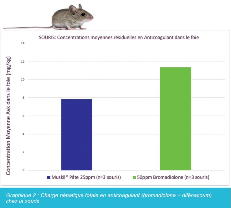 Chez le rat comme chez la souris, la charge totale en anticoagulant diminue avec Muskil vis-à-vis de la charge observée avec un appât contenant 50ppm de bromadiolone (Graphique 1 et Graphique 2).
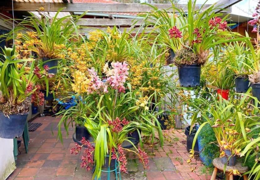 Ngoài vườn nhật quỳnh cho hoa rực rỡ, gia đình chị Nguyệt còn khiến người ghé thăm phải trầm trồ bởi những sắc hoa lan.
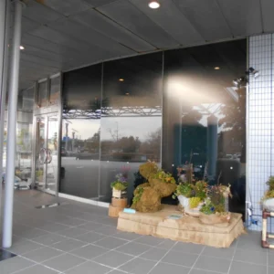 例えば、お店の店名や営業時間などを表示したり、すりガラスのようなフィルムで建物の中が見えないようにするために利用されています。
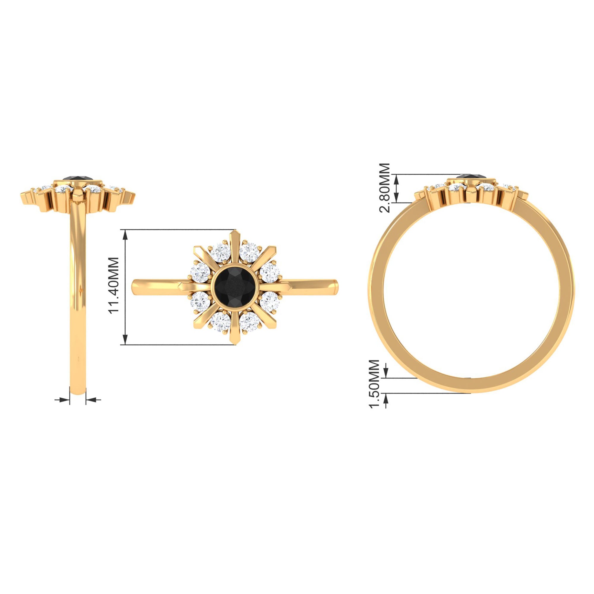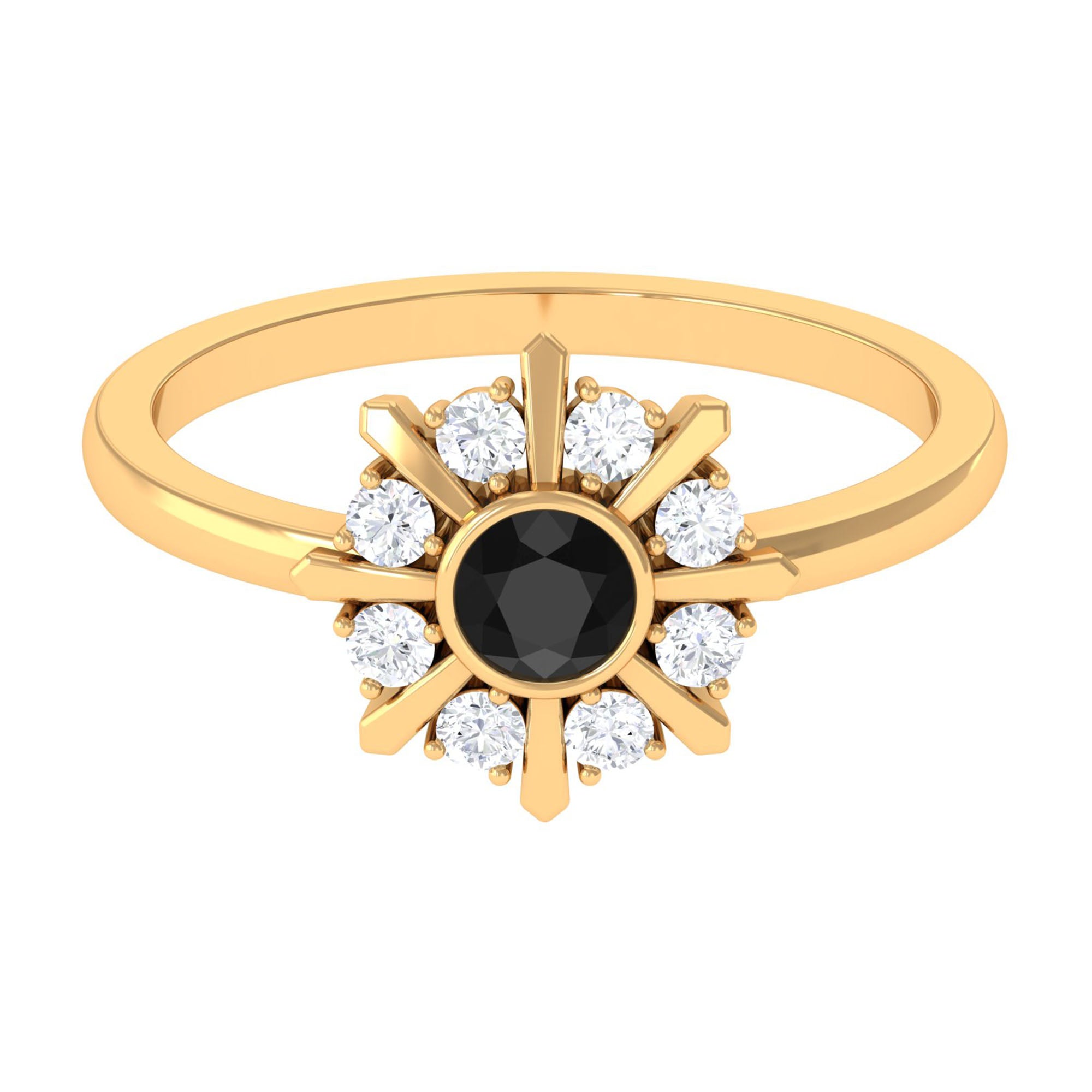 Captivating and alluring Black Spinel and Diamond Statement Ring is handcrafted to perfection in Gold for sumptuous appeal. Round Black Spinel is held in Bezel Setting for an enchanting look. The centrally placed Black Spinel effortlessly draws attention to its incredible radiance.
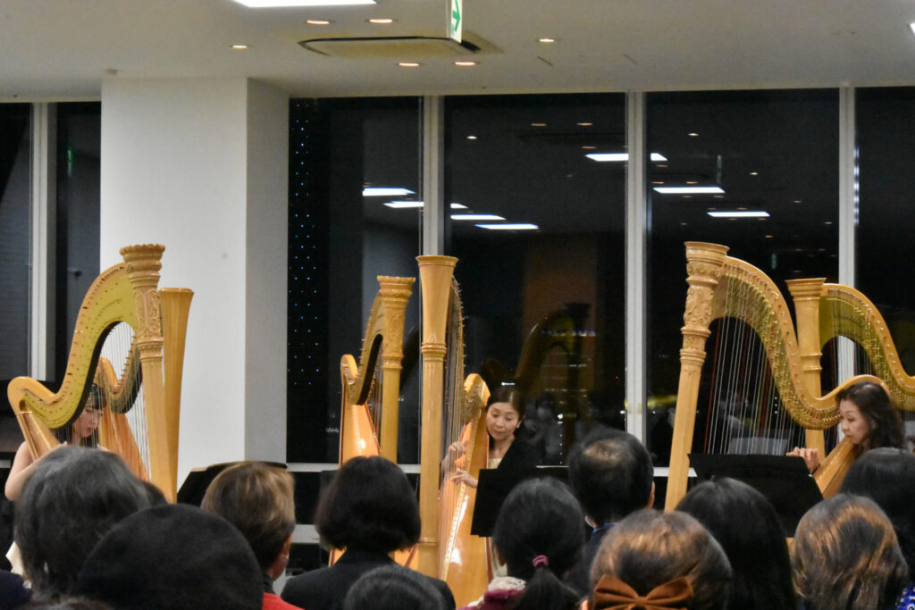 上野学園短期大学の教員、卒業生、学生による6台のハープ・アンサンブルに始まり、ハープとフルートの厳かな三重奏、ハープ3台による演奏が続きました。そして、最後はハープ6台とフルート7人のアンサンブル「美しく青きドナウ」です。フルートは通常のフルートに加え、アルトフルート、バスフルート、地図で北を示すマークのような形をした大きなコントラバスフルートも入りゴージャスな演奏となりました。
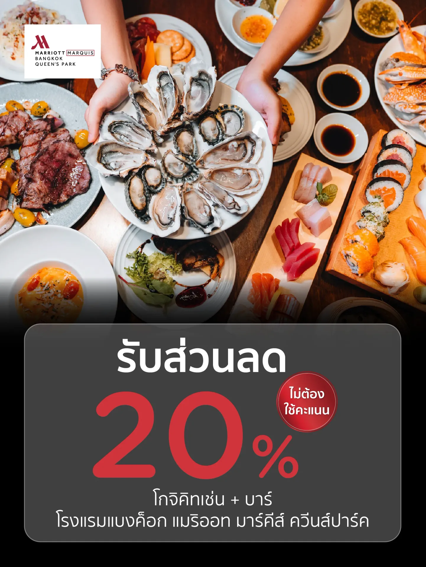 - บุฟเฟต์นานาชาติมื้อเย็นวันจันทร์-พฤหัสบดี พิเศษ 1,926 บาทสุทธิต่อท่าน (ปกติ 2,353 บาท)
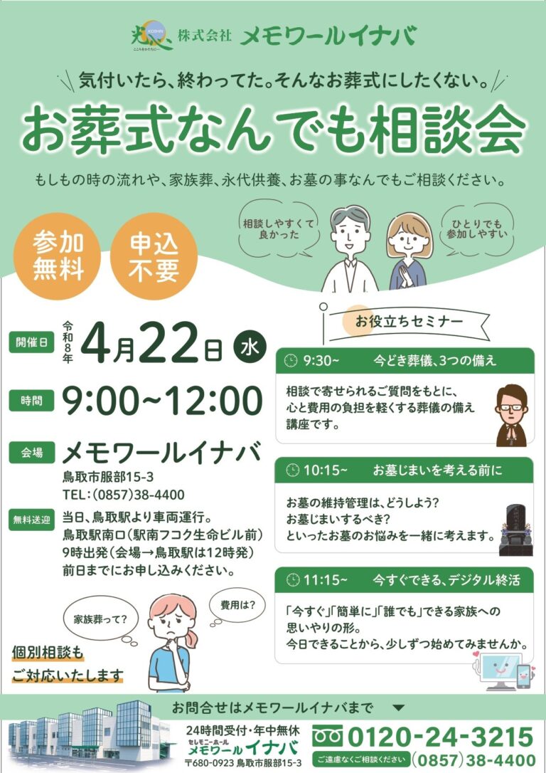 令和8年4月22日㈬鳥取市服部のメモワールイナバにて、「お葬式なんでも相談会」を開催いたします。当日はお葬式専門スタッフによる個別相談・展示見学・セミナーすべてご予約不要です。(お時間に制約のある方の個別相談は、事前予約のご予約をお薦めいたします。)些細とおもわれずお葬式の事は、なんでもご相談ください。
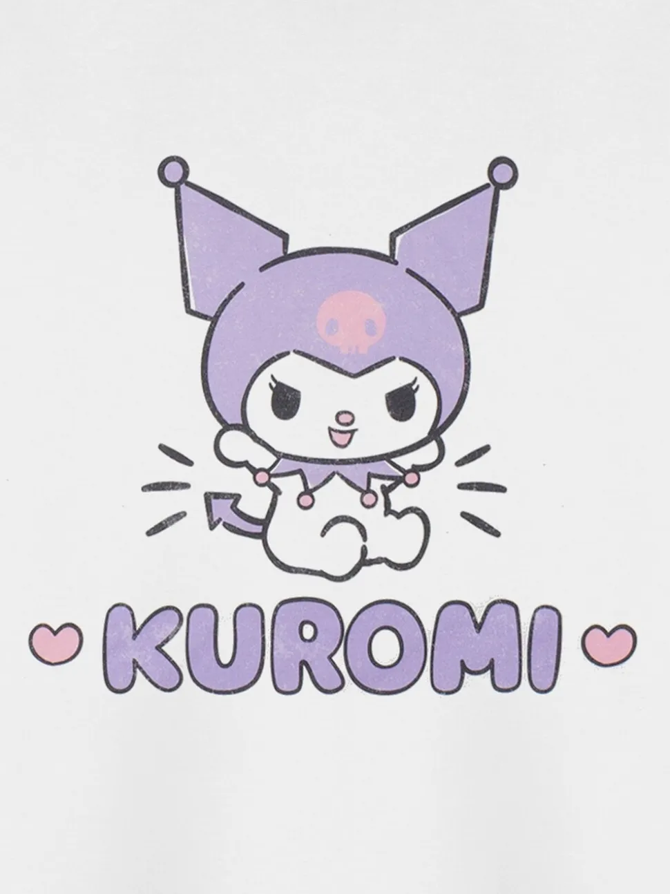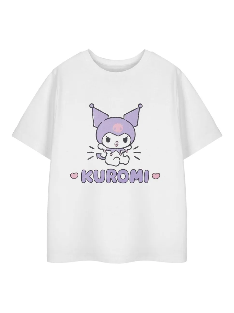 Let your little one show off their playful side with this Hello Kitty Kuromi Pastel white t-shirt, made from cotton with a cute yet edgy design. Soft, stylish, and machine washable. Machine washable. 100% Cotton.
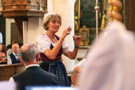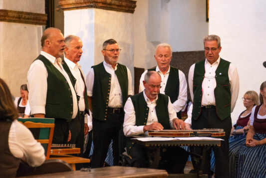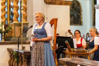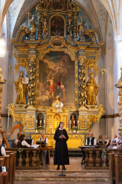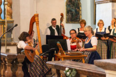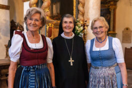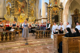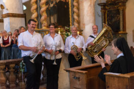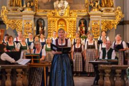 Am Schluss war man sich einig: „Es war ein Musikgenuss der besonderen Art, den die zahlreichen Mitwirkenden geboten haben“. Lob, Preis und Dank war das Motto und unter dieser Überschrift erlebten die Besucher einen bunten Strauß von Barock bis Volksmusik. Unter der bewährten Gesamtleitung von Heide Hauser sangen und spielten der gemischte Chor der Stadtsing- und Musikschule Kolbermoor, der Landfrauenchor Rosenheim, die Chormädlmusi, der Kolbermoorer Mannergsang unter Leitung von Peter Maier und das Bläserensemble Klangblech von Eduard Berger. Regina Berger streifte in ihren verbindenden Worten auf ganz besondere Weise durch die 1200-jährige Geschichte des Klosters Frauenwörth. Ein unglaubliches Gesangsvolumen rauschte durch das ehrwürdige Münster als beim Schlusslied die über 60 Künstlerinnen und Künstler gemeinsam sangen. Zu Beginn hatte die Äbtissin des Klosters, Johanna Maier, OSB bereits darauf hingewiesen, dass der gesamte Benefit dieser Veranstaltung in die Renovierung des Hauses Scholastika fließt und die Vorsitzende des Freundeskreises, Annemarie Biechl, dankte mit herzlichen Worten allen Mitwirkenden für diesen wundervollen „Inselgenuss“.
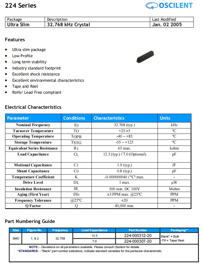 224-000312-20,7015mm,32.768KHz,Oscilent品牌,晶振廠家,陶瓷晶振,參數表
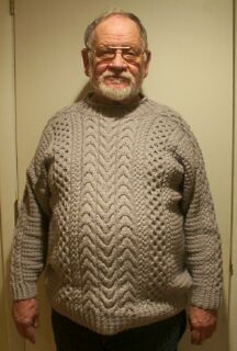 | Here's my dad almost smiling in his Na Craga. He picked the pattern, but not the yarn. Next time it will be a machine washable yarn for him. (He's afraid to wear it) |
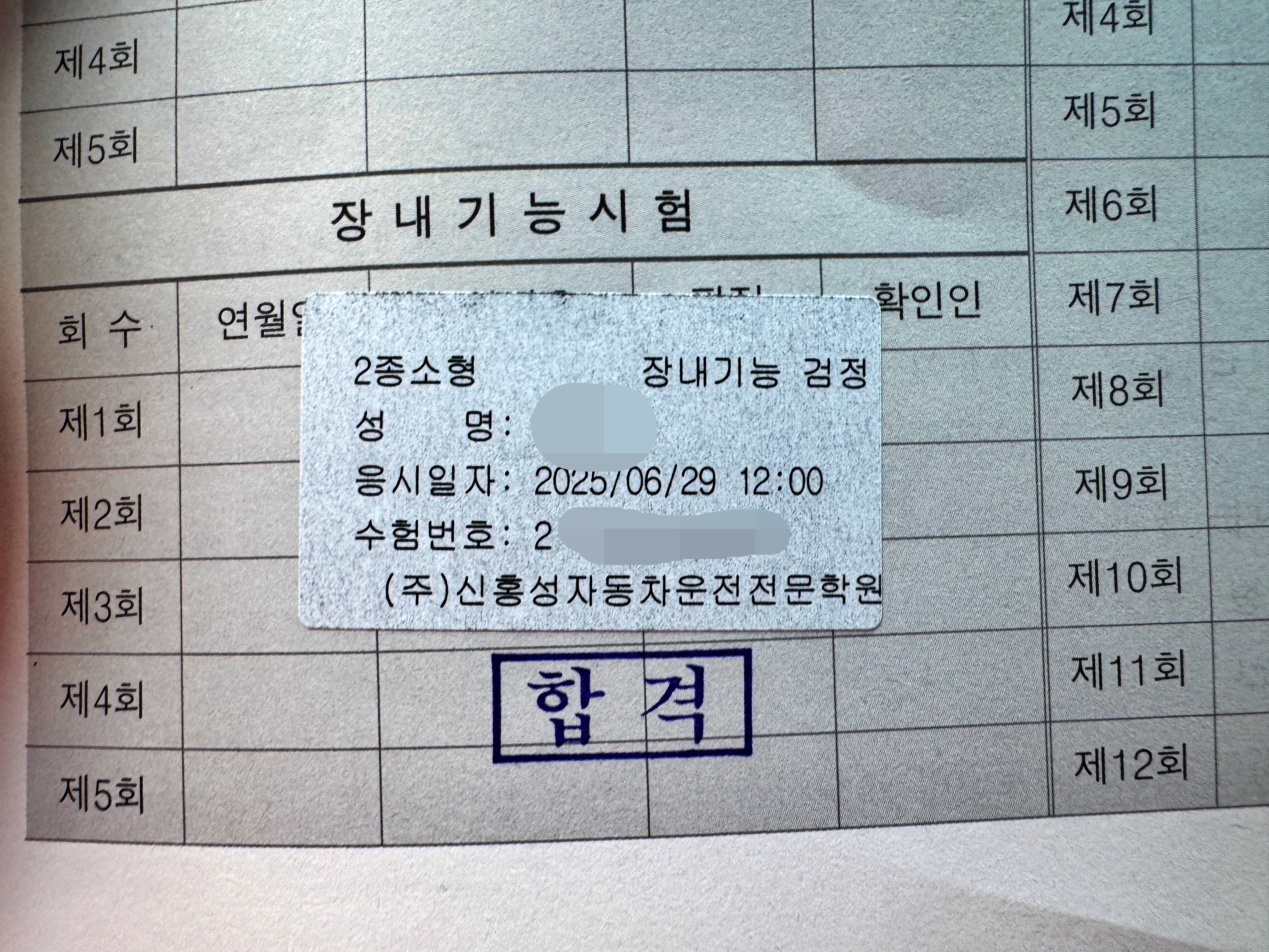 강습 전에 다시 감이나 잡을겸 타고 시험 시간이 왔네요. 시험 전까지 익숙하게 탔던지라, 익숙하게 다시 시험장을 한 바퀴 돌고 특이사항 없이 바로 합격하게 되었습니다.

## Activity:
Excluding images, output exactly the lines from the one that holds "224-000312-20,7015mm" through the final line of the material, both ends included.

## Exercise answer:
 224-000312-20,7015mm,32.768KHz,Oscilent品牌,晶振廠家,陶瓷晶振,參數表
 | Here's my dad almost smiling in his Na Craga. He picked the pattern, but not the yarn. Next time it will be a machine washable yarn for him. (He's afraid to wear it) |
 강습 전에 다시 감이나 잡을겸 타고 시험 시간이 왔네요. 시험 전까지 익숙하게 탔던지라, 익숙하게 다시 시험장을 한 바퀴 돌고 특이사항 없이 바로 합격하게 되었습니다.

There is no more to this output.